## Work instruction
Exactly as they appear below, repeat the lines from the one with "Metal Type/Color: 14" through the one with "ACT20M-CI-CO-OLP-S魏德米勒weidmulle 變送器 訂貨號(hào)1176040000". Drop every picture.

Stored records

☆ ☆ ☆ ☆ ☆

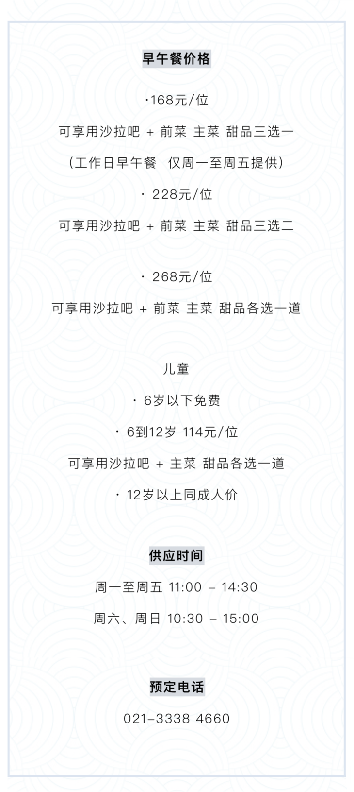 音昱听堂金秋早午餐(节日除外)
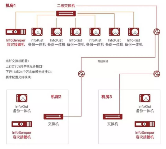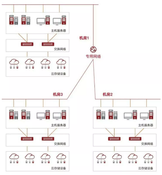 鑒于該項目涉及3大數據中心機房,因此從網絡架構設計的角度,無論是本地的數據備份,還是跨數據中心的數據復制,都需要以萬兆為核心的網絡構建,實現跨運營商的統一管理和數據存儲隔離。其中,數據備份首先存放在本地容災設備,再增量同步到跨機房的遠端冗余的容災設備(參加下圖)。
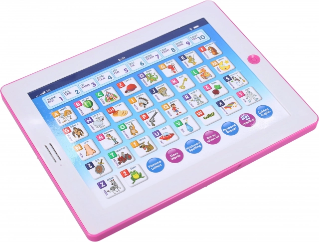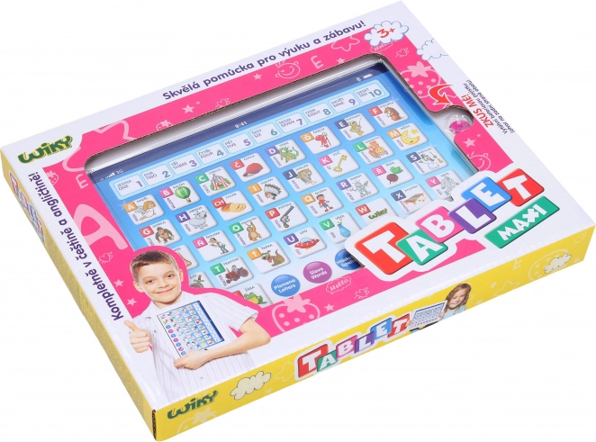 Růžový dětský výukový tablet WIKY maxi. Učí abecedu a počítání 1–10 česky i anglicky, zábavné hry. 3× AAA baterie v balení. Pro děti od 3 let.
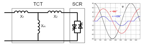 TCT又名晶閘管控制變壓器,它是一種高漏抗變壓器,其二次繞組接晶閘管,通過控制導通角就能提供連續變化的無功功率。如下圖所示:
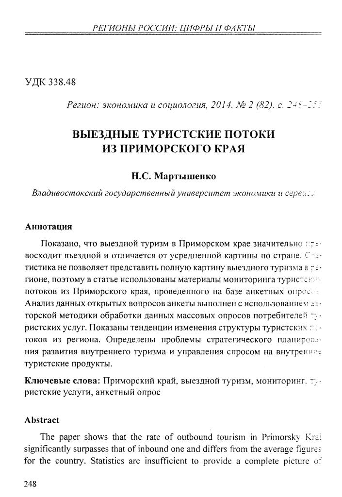 Мониторинг выездных туристских потоков из Приморского края
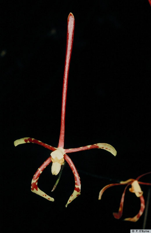 References ; Orchid Digest Vol 46 No 5 1982 drawing/photo fide; Orchid Digest Vol 46 No 5 1982 photo as Arachnis calcarata subsp. longisepala; Rudolf Schlechter Die Orchideen Band 1B lieferung 22 1329 - 1392 Brieger 1989; The Plants of Mount Kinabalu Vol 2 Orchids Wood Beaman & Beaman 1993 as A calcarata; The Plants of Mount Kinabalu Vol 2 Orchids Wood Beaman & Beaman 1993; A Checklist of the Orchids of Borneo Wood & Cribb 1994; The Orchids of Borneo Vol 3 Wood 1997 drawing/photo fide; Malesian Orhcid Journal Vol 2 2008 photo ok; The Orchids of Mount Kinabalu Vol 1 Wood, Beaman, Lamb, Chu Lun and Beaman 2011 drawing/photo fide; The Orchids of Mount Kinabalu Vol 2 Wood, Beaman, Lamb, Chu Lun and Beaman 2011; A to Z of South East Asian Orchid Species Vol 2 O'Byrne 2011 drawing/photo fide
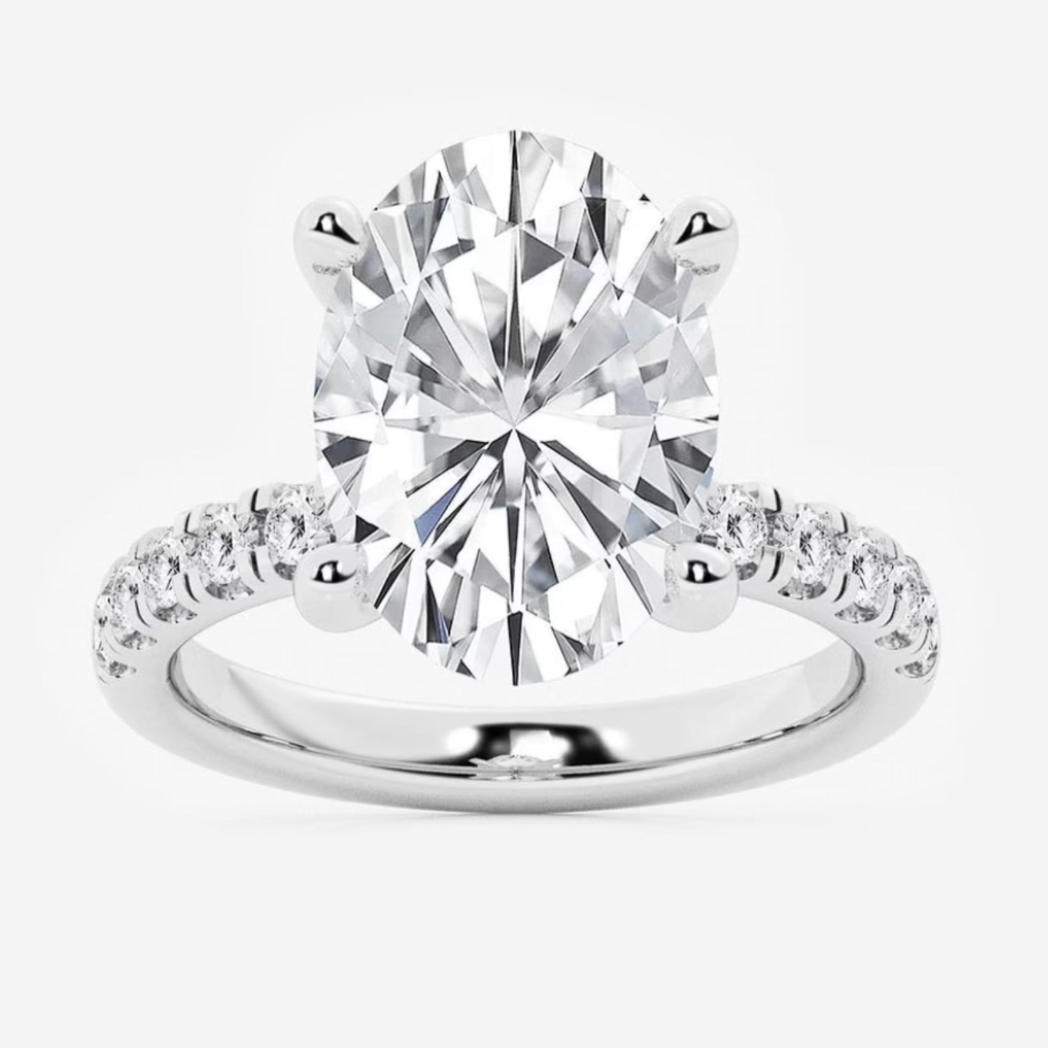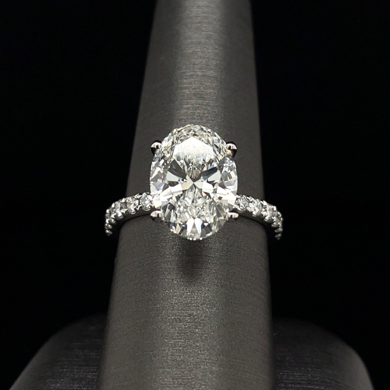 Metal Type/Color: 14 Karat White Gold Diamond Carat Total Weight: 4 1/2 Ctw Center Diamond Carat Weight: 4 Carat Oval Lab Grown. Average Diamond Color: F-G Average Diamond Color: VS # of Side Diamonds: 26 Round Lab Grown Diamonds Free 2 Day Shipping or In-Store Pickup
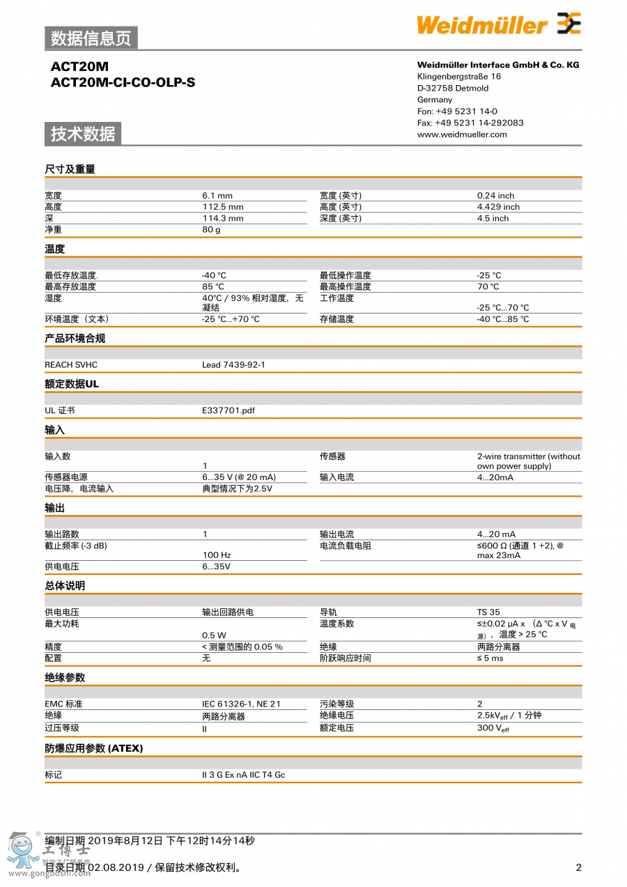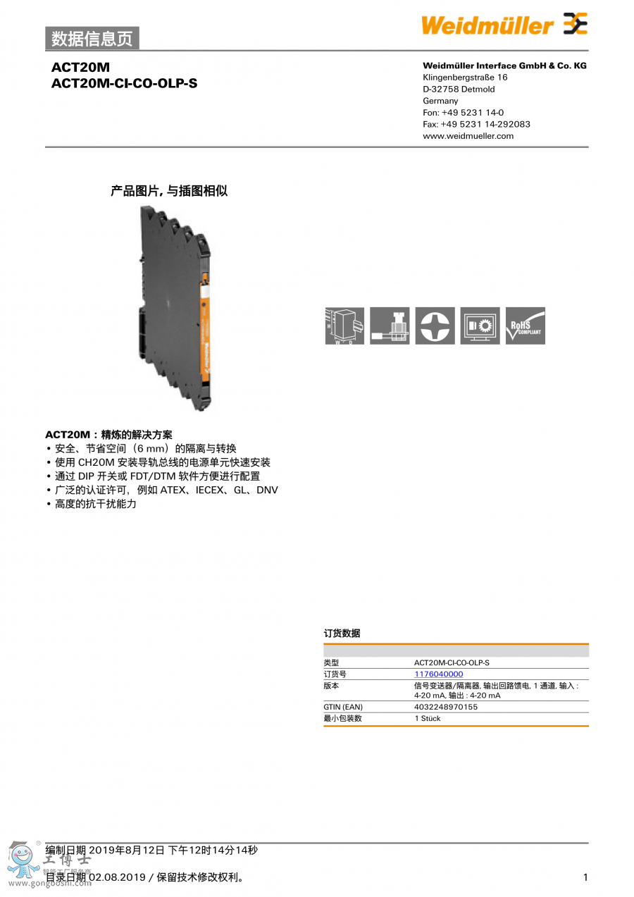 ACT20M-CI-CO-OLP-S魏德米勒weidmulle 變送器 訂貨號(hào)1176040000
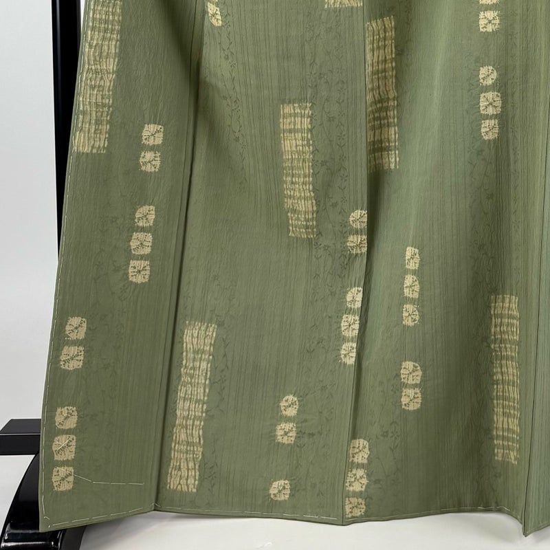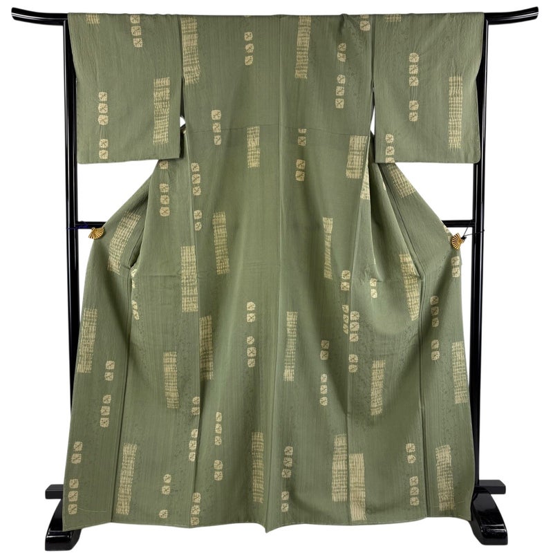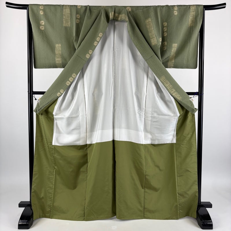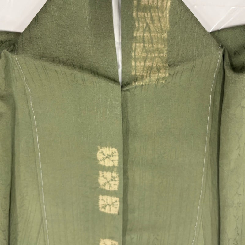 【小紋】 緑系 よもぎ色 名品 B 約160cm~約169cm 裄丈65cm (M)size 袖丈48cm 9990-29990 二万以下
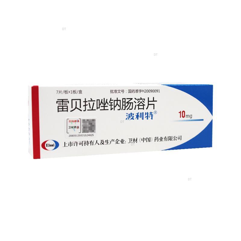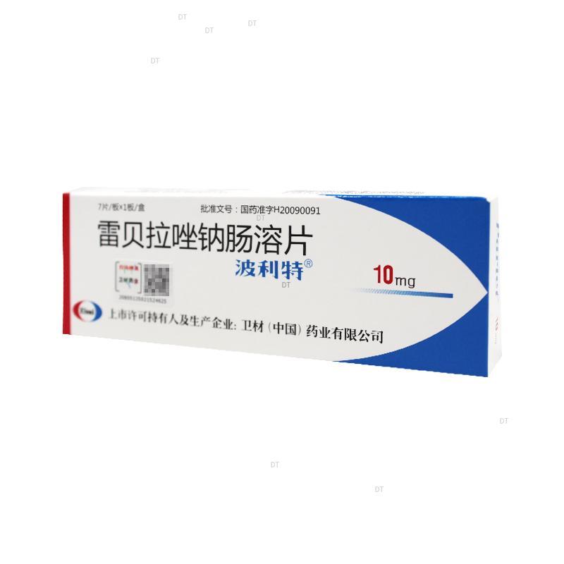 雷贝拉唑为苯并咪唑类化合物,是第二代质子泵抑制剂,通过特异性地抑制胃壁细胞H+,K+-ATP酶系统而阻断胃酸分泌的最后步骤。该作用呈剂量依赖性,并可使基础胃酸分泌和刺激状态下的胃酸分泌均受抑制。本品为对胆碱和组胺H2受体无拮抗作用。
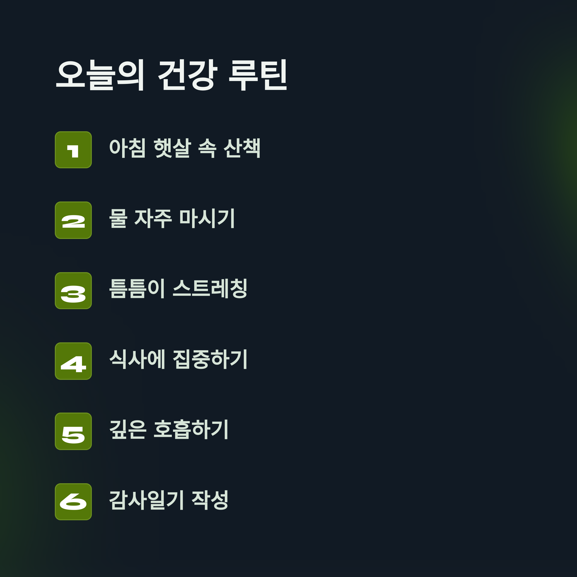 바쁜 하루 속, 여러분은 건강을 얼마나 챙기고 계신가요? 작은 습관 하나가 우리의 삶을 얼마나 크게 바꿀 수 있는지 아시나요? 오늘은 시간에 쫓기는 현대인들을 위한, 누구나 쉽게 실천할 수 있는 건강 루틴 6가지를 소개합니다.
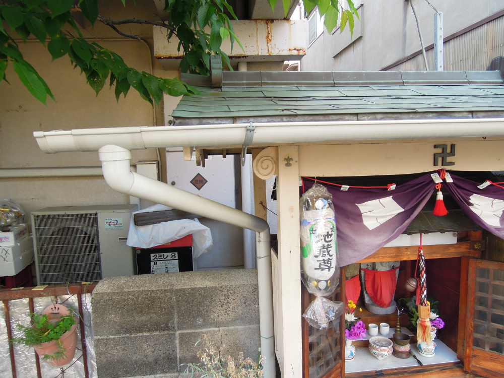 なんだか賑やかだし、屋根の樋が立派。なんでこんなに長いんやろ。
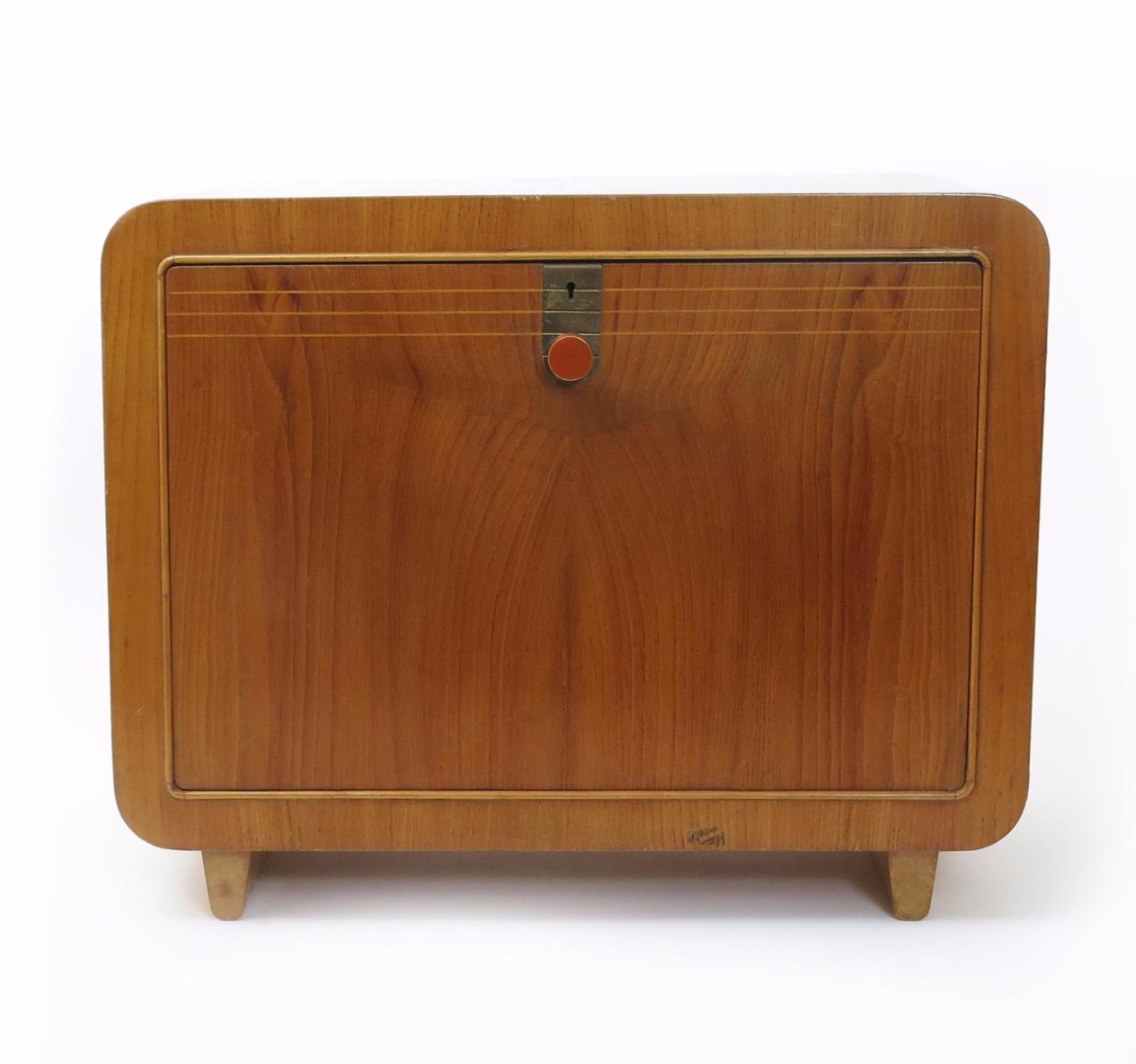 A Modernist Laszlo Hoenig blonde beech desk top bureau, the fall-front door with bakelite circular handle and polished brass fittings, applied label to reverse 68cm. wide, 54cm. high, 26cm. deep.
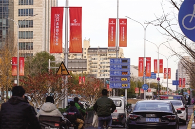 2022年11月21日,2022金融街论坛年会开幕。金融大街上,大型展板、灯杆旗帜、街边LED广告,营造出浓浓的论坛氛围。 资料图片/新京报记者 郑新洽 摄

☆ ☆ ☆ ☆ ☆

## Answer area
 Metal Type/Color: 14 Karat White Gold Diamond Carat Total Weight: 4 1/2 Ctw Center Diamond Carat Weight: 4 Carat Oval Lab Grown. Average Diamond Color: F-G Average Diamond Color: VS # of Side Diamonds: 26 Round Lab Grown Diamonds Free 2 Day Shipping or In-Store Pickup
 ACT20M-CI-CO-OLP-S魏德米勒weidmulle 變送器 訂貨號(hào)1176040000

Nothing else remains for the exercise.